* _EXERCISE DIRECTIONS_
Omit all pictures, then print the entries exactly.

_ _ _ _ _ _ _

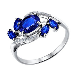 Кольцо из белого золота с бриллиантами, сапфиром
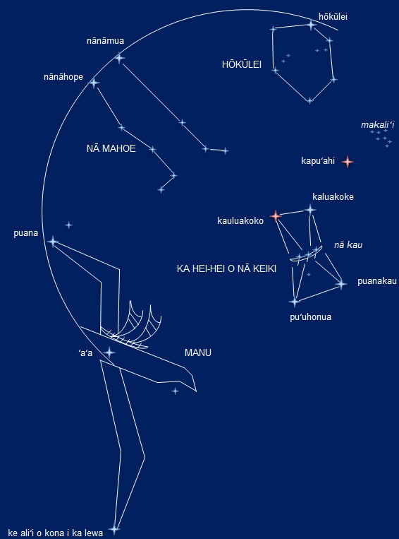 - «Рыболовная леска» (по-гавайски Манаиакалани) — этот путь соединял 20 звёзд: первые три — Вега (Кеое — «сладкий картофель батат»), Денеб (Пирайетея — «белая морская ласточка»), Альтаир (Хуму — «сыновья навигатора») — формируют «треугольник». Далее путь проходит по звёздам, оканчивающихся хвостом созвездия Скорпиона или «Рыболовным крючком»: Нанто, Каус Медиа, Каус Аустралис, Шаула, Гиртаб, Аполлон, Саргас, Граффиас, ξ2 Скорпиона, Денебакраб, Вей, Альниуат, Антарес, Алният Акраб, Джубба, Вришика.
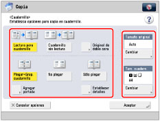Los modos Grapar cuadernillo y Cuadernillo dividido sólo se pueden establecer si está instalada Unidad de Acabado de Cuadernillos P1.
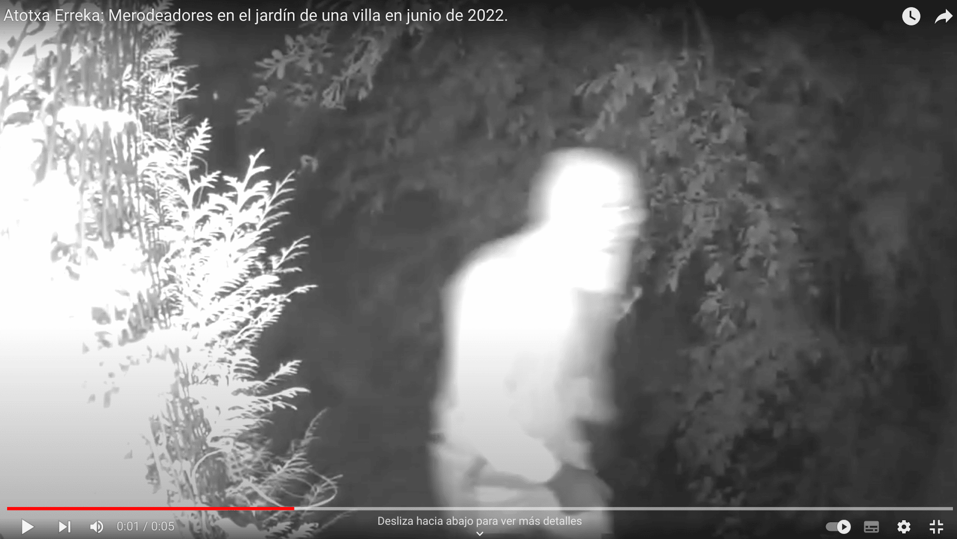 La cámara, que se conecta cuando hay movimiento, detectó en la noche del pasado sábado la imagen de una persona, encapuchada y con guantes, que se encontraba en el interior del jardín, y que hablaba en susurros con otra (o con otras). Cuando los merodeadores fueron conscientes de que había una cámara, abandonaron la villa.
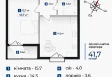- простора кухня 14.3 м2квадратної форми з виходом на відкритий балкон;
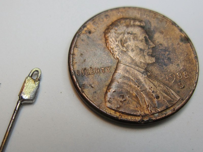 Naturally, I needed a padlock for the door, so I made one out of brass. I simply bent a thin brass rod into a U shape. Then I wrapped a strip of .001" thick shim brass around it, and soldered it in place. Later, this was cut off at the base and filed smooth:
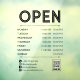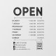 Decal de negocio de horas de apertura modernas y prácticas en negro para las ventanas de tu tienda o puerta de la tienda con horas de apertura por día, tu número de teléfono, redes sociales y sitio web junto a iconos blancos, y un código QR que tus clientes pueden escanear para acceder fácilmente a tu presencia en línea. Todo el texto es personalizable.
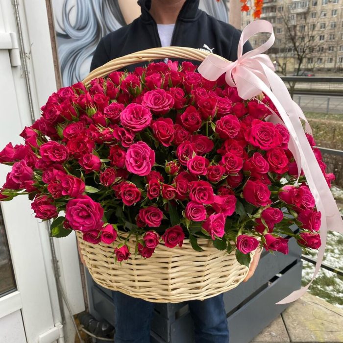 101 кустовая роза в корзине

_ _ _ _ _ _ _

* _SOLUTION FOR THIS EXERCISE_
 Кольцо из белого золота с бриллиантами, сапфиром
 - «Рыболовная леска» (по-гавайски Манаиакалани) — этот путь соединял 20 звёзд: первые три — Вега (Кеое — «сладкий картофель батат»), Денеб (Пирайетея — «белая морская ласточка»), Альтаир (Хуму — «сыновья навигатора») — формируют «треугольник». Далее путь проходит по звёздам, оканчивающихся хвостом созвездия Скорпиона или «Рыболовным крючком»: Нанто, Каус Медиа, Каус Аустралис, Шаула, Гиртаб, Аполлон, Саргас, Граффиас, ξ2 Скорпиона, Денебакраб, Вей, Альниуат, Антарес, Алният Акраб, Джубба, Вришика.
Los modos Grapar cuadernillo y Cuadernillo dividido sólo se pueden establecer si está instalada Unidad de Acabado de Cuadernillos P1.
 La cámara, que se conecta cuando hay movimiento, detectó en la noche del pasado sábado la imagen de una persona, encapuchada y con guantes, que se encontraba en el interior del jardín, y que hablaba en susurros con otra (o con otras). Cuando los merodeadores fueron conscientes de que había una cámara, abandonaron la villa.
- простора кухня 14.3 м2квадратної форми з виходом на відкритий балкон;
 Naturally, I needed a padlock for the door, so I made one out of brass. I simply bent a thin brass rod into a U shape. Then I wrapped a strip of .001" thick shim brass around it, and soldered it in place. Later, this was cut off at the base and filed smooth:
 Decal de negocio de horas de apertura modernas y prácticas en negro para las ventanas de tu tienda o puerta de la tienda con horas de apertura por día, tu número de teléfono, redes sociales y sitio web junto a iconos blancos, y un código QR que tus clientes pueden escanear para acceder fácilmente a tu presencia en línea. Todo el texto es personalizable.
 101 кустовая роза в корзине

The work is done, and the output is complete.